*** Opening Working data ***

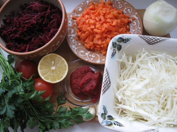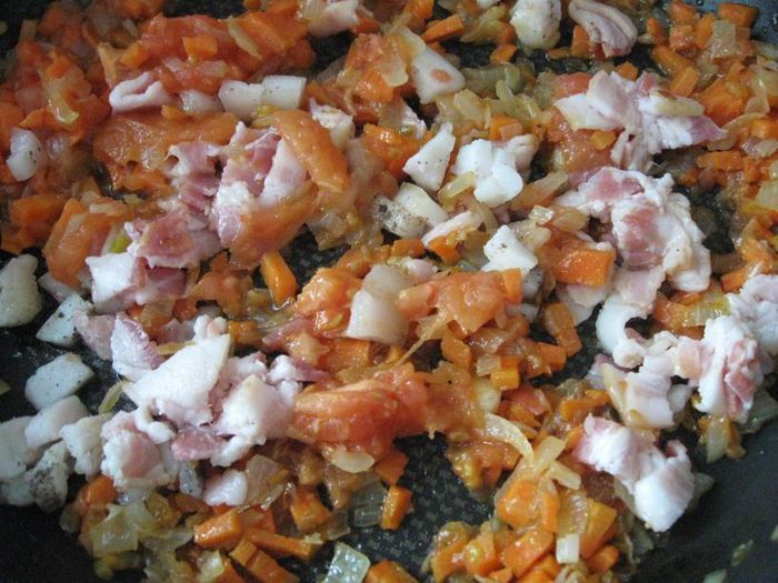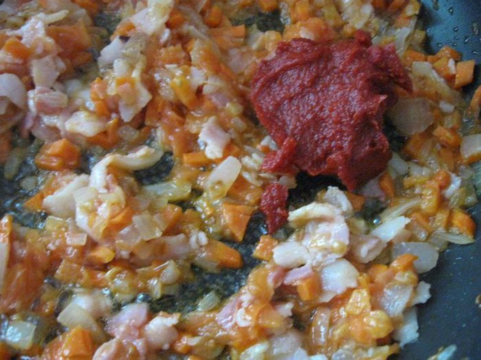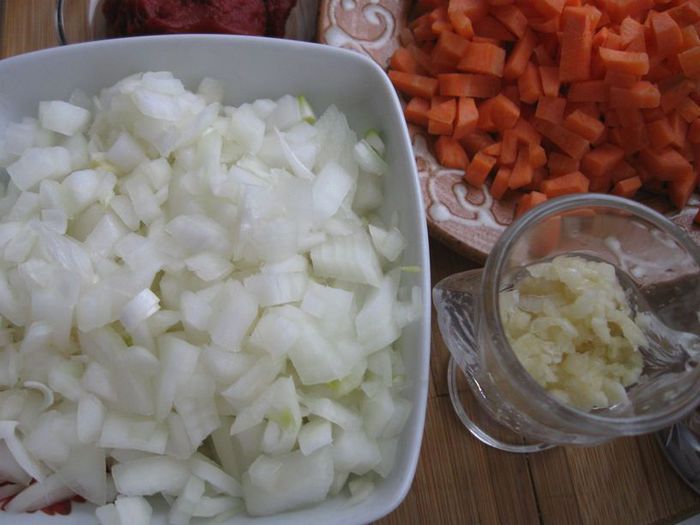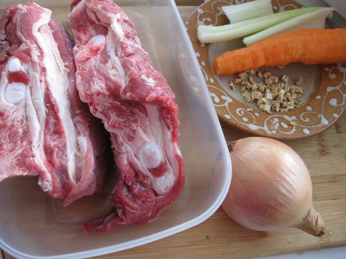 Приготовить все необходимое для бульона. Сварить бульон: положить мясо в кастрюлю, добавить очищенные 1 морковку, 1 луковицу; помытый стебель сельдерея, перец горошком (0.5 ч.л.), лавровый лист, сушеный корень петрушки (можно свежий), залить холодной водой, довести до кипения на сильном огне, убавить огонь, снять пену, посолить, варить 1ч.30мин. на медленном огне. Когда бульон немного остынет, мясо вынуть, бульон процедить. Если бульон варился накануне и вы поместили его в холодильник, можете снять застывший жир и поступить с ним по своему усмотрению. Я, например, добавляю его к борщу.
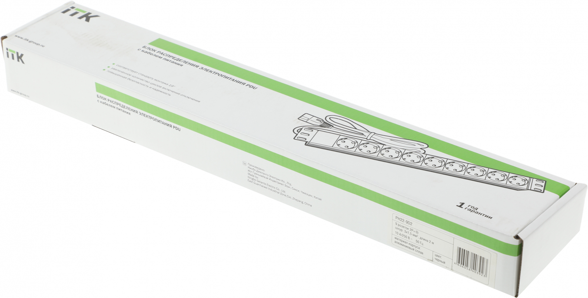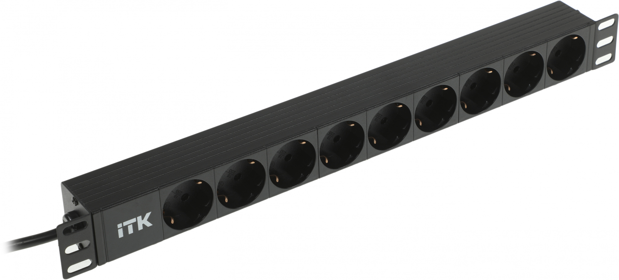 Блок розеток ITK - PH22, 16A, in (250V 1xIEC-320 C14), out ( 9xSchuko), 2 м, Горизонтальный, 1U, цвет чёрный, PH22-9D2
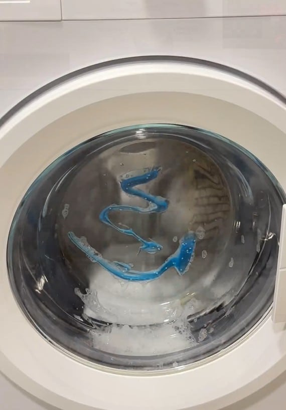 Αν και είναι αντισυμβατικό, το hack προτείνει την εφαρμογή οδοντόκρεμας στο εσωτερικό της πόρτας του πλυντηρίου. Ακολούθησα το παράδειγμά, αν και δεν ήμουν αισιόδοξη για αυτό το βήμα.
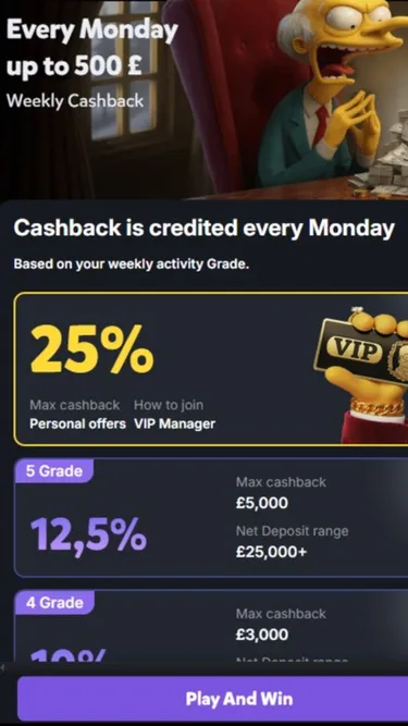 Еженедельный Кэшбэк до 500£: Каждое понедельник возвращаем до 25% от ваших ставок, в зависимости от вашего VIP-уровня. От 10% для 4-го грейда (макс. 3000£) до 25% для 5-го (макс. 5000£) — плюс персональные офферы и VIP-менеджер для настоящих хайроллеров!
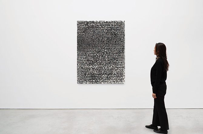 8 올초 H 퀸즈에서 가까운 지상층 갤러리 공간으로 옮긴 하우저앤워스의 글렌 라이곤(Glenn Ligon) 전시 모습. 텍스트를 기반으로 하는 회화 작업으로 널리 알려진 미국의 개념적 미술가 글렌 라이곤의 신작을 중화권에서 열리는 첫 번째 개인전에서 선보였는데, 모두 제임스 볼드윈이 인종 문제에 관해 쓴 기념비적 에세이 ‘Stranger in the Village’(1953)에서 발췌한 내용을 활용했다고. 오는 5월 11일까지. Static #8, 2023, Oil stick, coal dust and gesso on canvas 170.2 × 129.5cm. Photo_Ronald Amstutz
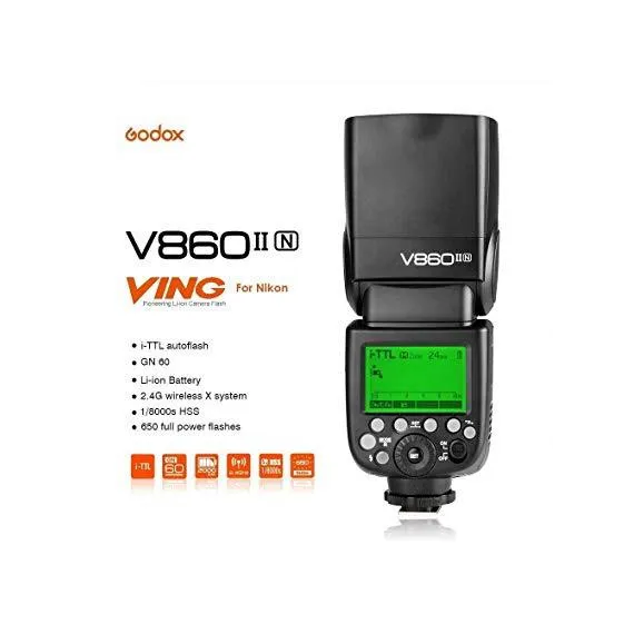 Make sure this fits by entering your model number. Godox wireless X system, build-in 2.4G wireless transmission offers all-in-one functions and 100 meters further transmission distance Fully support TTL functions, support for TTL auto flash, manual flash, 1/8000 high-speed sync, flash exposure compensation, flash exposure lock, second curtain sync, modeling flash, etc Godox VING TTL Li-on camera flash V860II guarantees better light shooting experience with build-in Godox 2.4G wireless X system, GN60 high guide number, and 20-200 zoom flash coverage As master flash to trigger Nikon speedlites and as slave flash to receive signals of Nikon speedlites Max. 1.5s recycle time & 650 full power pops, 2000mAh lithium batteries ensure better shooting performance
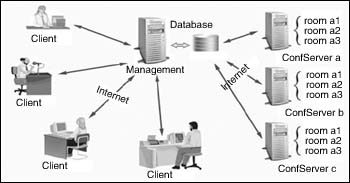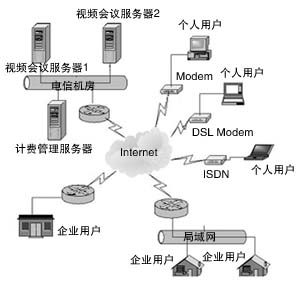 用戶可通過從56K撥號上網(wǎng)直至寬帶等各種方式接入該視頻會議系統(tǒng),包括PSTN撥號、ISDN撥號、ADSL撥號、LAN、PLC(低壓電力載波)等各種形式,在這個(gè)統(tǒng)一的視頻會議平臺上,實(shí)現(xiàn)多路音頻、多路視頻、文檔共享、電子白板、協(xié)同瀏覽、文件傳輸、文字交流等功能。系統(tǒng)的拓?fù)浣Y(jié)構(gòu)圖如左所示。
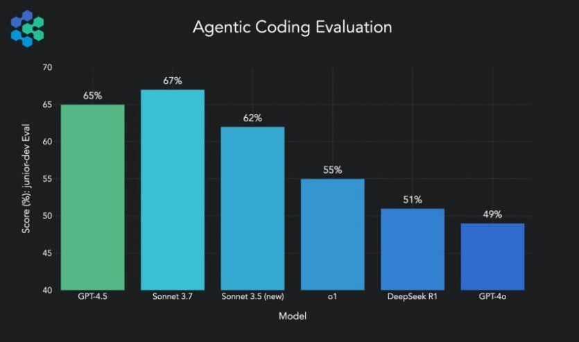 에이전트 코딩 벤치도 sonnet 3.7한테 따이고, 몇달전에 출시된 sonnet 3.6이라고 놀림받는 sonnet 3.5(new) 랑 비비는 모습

*** Closing Working data ***
*** Opening Working data ***

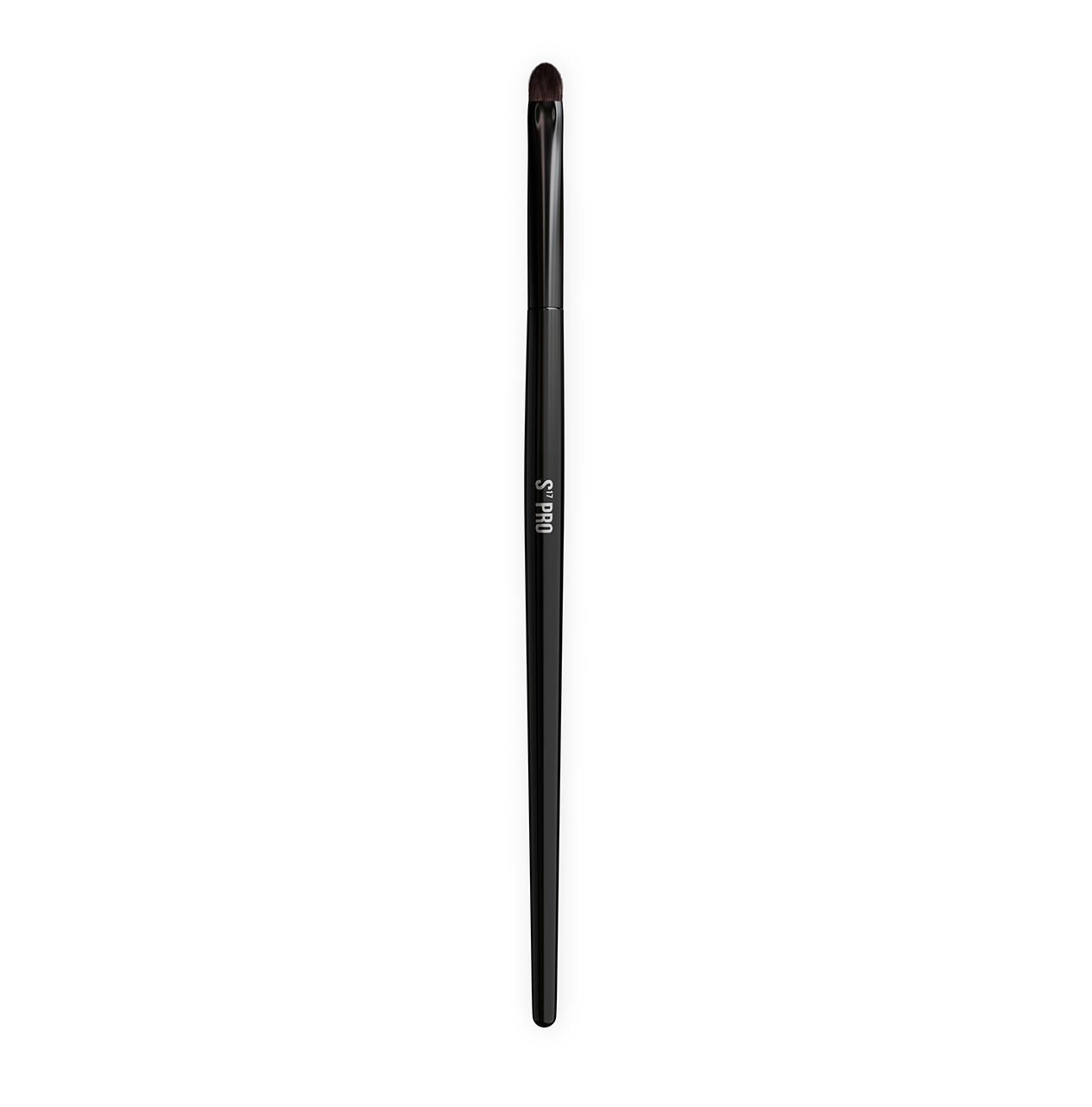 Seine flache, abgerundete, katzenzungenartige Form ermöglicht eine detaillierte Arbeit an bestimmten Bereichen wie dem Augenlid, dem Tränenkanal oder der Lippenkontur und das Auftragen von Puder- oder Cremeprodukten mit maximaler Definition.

*** Closing Working data ***

(What the task asks) Quote the lines above exactly, starting with the one that has "Αν και είναι" and ending with the one that has "Еженедельный Кэшбэк до"; drop the pictures and include nothing else.

(Result below)
 Αν και είναι αντισυμβατικό, το hack προτείνει την εφαρμογή οδοντόκρεμας στο εσωτερικό της πόρτας του πλυντηρίου. Ακολούθησα το παράδειγμά, αν και δεν ήμουν αισιόδοξη για αυτό το βήμα.
 Еженедельный Кэшбэк до 500£: Каждое понедельник возвращаем до 25% от ваших ставок, в зависимости от вашего VIP-уровня. От 10% для 4-го грейда (макс. 3000£) до 25% для 5-го (макс. 5000£) — плюс персональные офферы и VIP-менеджер для настоящих хайроллеров!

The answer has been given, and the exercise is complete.